2022-01-21 Thread Paul Gevers

Hi Jussi,

On 21-01-2022 00:05, Jussi Pakkanen wrote:

On Thu, 20 Jan 2022 at 23:33, Paul Gevers  wrote:


I looked at the results of the autopkgtest of you package on armhf
because it was showing up as a regression for the upload of
python-defaults and setuptools. I noticed that the test regularly fails,
what's worse, it also seems to hang as the test is killed because it
hits an autopkgtest timeout.


If we look at the backtrace:


Running tests with 160 workers
Exception in thread Thread-1:
Traceback (most recent call last):
File "/usr/lib/python3.9/threading.py", line 973, in _bootstrap_inner
  self.run()
File "/usr/lib/python3.9/concurrent/futures/process.py", line 317, in run
  result_item, is_broken, cause = self.wait_result_broken_or_wakeup()
File "/usr/lib/python3.9/concurrent/futures/process.py", line 376, in
wait_result_broken_or_wakeup
  worker_sentinels = [p.sentinel for p in self.processes.values()]
File "/usr/lib/python3.9/concurrent/futures/process.py", line 376, in

  worker_sentinels = [p.sentinel for p in self.processes.values()]
RuntimeError: dictionary changed size during iteration


This is all Python's internal code. Further, Meson does not do any
fancy threading stuff itself, it uses Python's thread and process
executors to queue up a bunch of work and then wait for it to be done.
According to Python's documentation you don't need to do any locking
or similar to submit new work, you can call the submit method
directly. All of this would seem to indicate that the issue might lie
somewhere in Python's multithreading code. At the very least I have no
idea how I should go about debugging that issue.
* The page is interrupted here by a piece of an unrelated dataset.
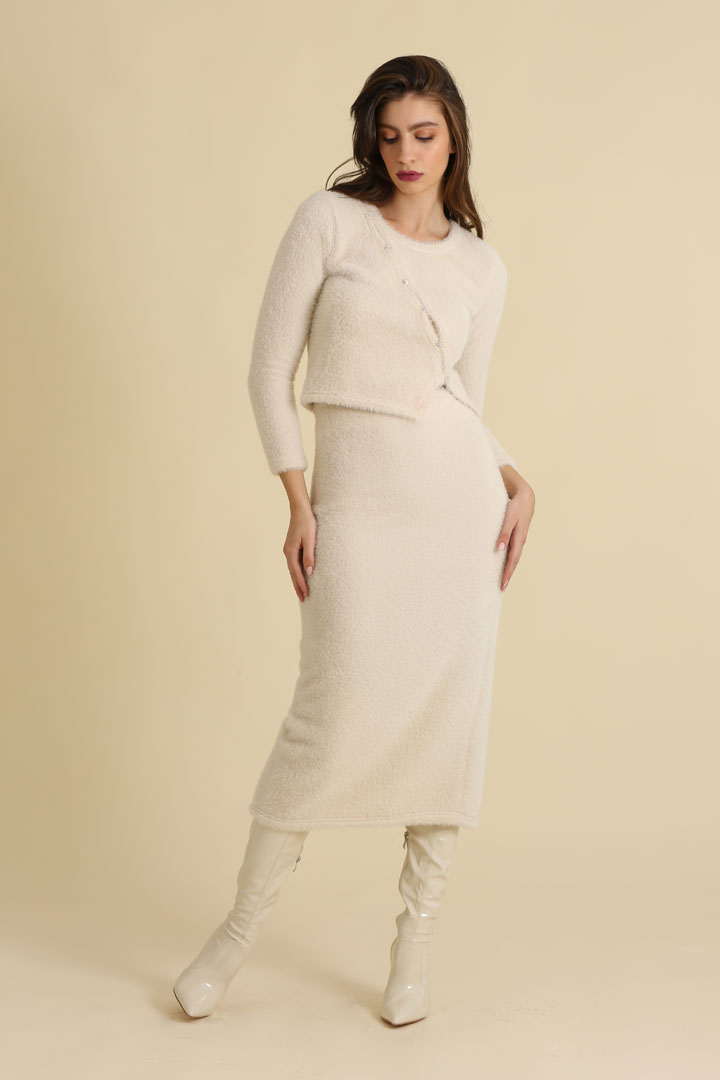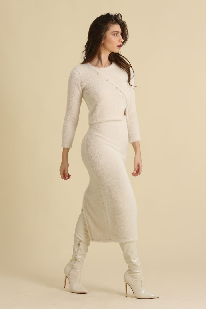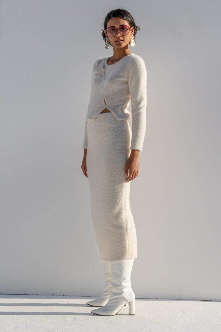 Designed in the perfect furry fabric, Ynez has a body-skimming straight fit silhouette. The slimming fit runs from the high-waist down to the mid-calf and it has a side zipper allows for easy fit. Wear with the Morphe Top for the ultimate Mallory look.

Reading the log, it's not clear to me if that backtrace is even related 
to the hang. I mean, in my (non-Python related) experience if something 
goes wrong in a parallel process, you can get logs from parallel pieces 
that fail, while not really causes problems with the actual processing.


Of course, it's still true that it's difficult to troubleshoot.

Paul


OpenPGP_signature
Description: OpenPGP digital signature


Bug#1004107: meson: flaky autopkgtest on armhf: dictionary changed size during iteration -> timeout

2022-01-20 Thread Jussi Pakkanen
On Thu, 20 Jan 2022 at 23:33, Paul Gevers  wrote:

> I looked at the results of the autopkgtest of you package on armhf
> because it was showing up as a regression for the upload of
> python-defaults and setuptools. I noticed that the test regularly fails,
> what's worse, it also seems to hang as the test is killed because it
> hits an autopkgtest timeout.

If we look at the backtrace:

> Running tests with 160 workers
> Exception in thread Thread-1:
> Traceback (most recent call last):
>File "/usr/lib/python3.9/threading.py", line 973, in _bootstrap_inner
>  self.run()
>File "/usr/lib/python3.9/concurrent/futures/process.py", line 317, in run
>  result_item, is_broken, cause = self.wait_result_broken_or_wakeup()
>File "/usr/lib/python3.9/concurrent/futures/process.py", line 376, in
> wait_result_broken_or_wakeup
>  worker_sentinels = [p.sentinel for p in self.processes.values()]
>File "/usr/lib/python3.9/concurrent/futures/process.py", line 376, in
> 
>  worker_sentinels = [p.sentinel for p in self.processes.values()]
> RuntimeError: dictionary changed size during iteration

This is all Python's internal code. Further, Meson does not do any
fancy threading stuff itself, it uses Python's thread and process
executors to queue up a bunch of work and then wait for it to be done.
According to Python's documentation you don't need to do any locking
or similar to submit new work, you can call the submit method
directly. All of this would seem to indicate that the issue might lie
somewhere in Python's multithreading code. At the very least I have no
idea how I should go about debugging that issue.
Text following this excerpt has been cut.